There are several methods to diagnose meningeal syphilis. One of the most common ways include visualizing the organisms by immunofluorescence and dark field microscopy. Dark field microscopy initially had the finding that the spirochete has a corkscrew appearance and that it is spirillar and gram (-) bacteria. Another method would also be through the screening test and serology. Serology includes two types of antibody test: Nontreponemal antibody test and Treponemal antibody test (specific test). The Nontreponemal antibody test screens with VDRL (Venereal Disease Research Lab) and RPR (Rapid Plasma Reagin). The Treponemal antibody test (specific test) confirms with FTA-ABS (Fluorescent treponemal antibody-absorption). Brain imaging and MRI scans may be used when diagnosing patients; however, they do not prove to be as effective as specific tests. Specific tests for treponemal antibody are typically more expensive because the earliest antibodies bind to spirochetes. These tests are usually more specific and remain positive in patients with other treponemal diseases.
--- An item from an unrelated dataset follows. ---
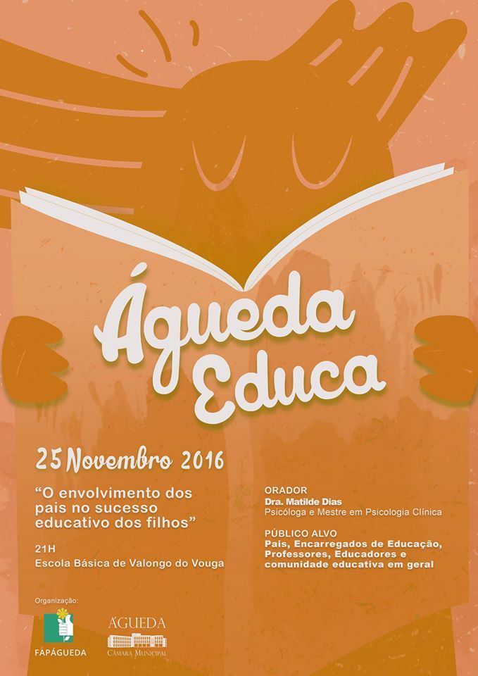 Dando continuidade ao projeto iniciado em 2014, a FAPAGUEDA – Federação Concelhia das Associações de Pais do Concelho de Águeda, em parceria com a Câmara Municipal de Águeda, levará a cabo, no dia 25 novembro, mais uma palestra no âmbito do projeto "Águeda Educa" pelas 21:00 horas, na Escola Básica de Valongo do Vouga.

===Cerebrospinal fluid (CSF) findings===
- Pressure may be normal or raised
- Fluid is clear
- Protein is elevated (100–200 mg%)
- Sugar is normal
- Cell count is elevated and is lymphocytic
- Gamma globulin levels are elevated
- VDRL and TPHA (Treponema pallidum haemagglutination) are positive

==Prevention==
There are many different forms on prevention of syphilis and other sexually transmitted infections in general. Prevention of syphilis includes avoiding contact of bodily fluids with an infected person. This can be particularly difficult because syphilis is usually transmitted by people who are unaware that they have the disease because they do not have any visible sores or rashes that may denote having an infection in general. Being abstinent or having mutually monogamous sex with a person who is uninfected with any type of sexually transmitted infection is the greatest guarantee of not becoming infected with syphilis or any form of a sexually transmitted infection. Using latex condoms can however reduce the risk of obtaining syphilis. In order to prevent further contamination to other individuals, benzathine penicillin is given to any contacts. Washing, douching, or urinating cannot prevent the transmission of a sexually transmitted infection in general.
Individuals obtain syphilis through a variety of circumstances. In general, syphilis can be transmitted from individual to individual through direct contact with sores that are present on the external genitals, vagina, rectum, anus, lips, or mouth. Transmission can occur through any form of sexual contact, including vaginal, anal, oral, and manual sex. In addition, women who are pregnant and infected with syphilis can transmit the disease onto their child as well. If transmission has occurred, it is important to check up immediately with a physician to avoid further damage.

==Treatment==

The penicillin backbone, with variable group highlighted

===Penicillin===
The most popular treatment forms for any type of syphilis uses penicillins, which have been effective treatments used since the 1940s.
Other forms also include benzathine penicillin, which is usually used for primary and secondary syphilis (it has no resistance to penicillin however). Benzathine penicillin is used for long acting form, and if conditions worsen, penicillin G is used for late syphilis.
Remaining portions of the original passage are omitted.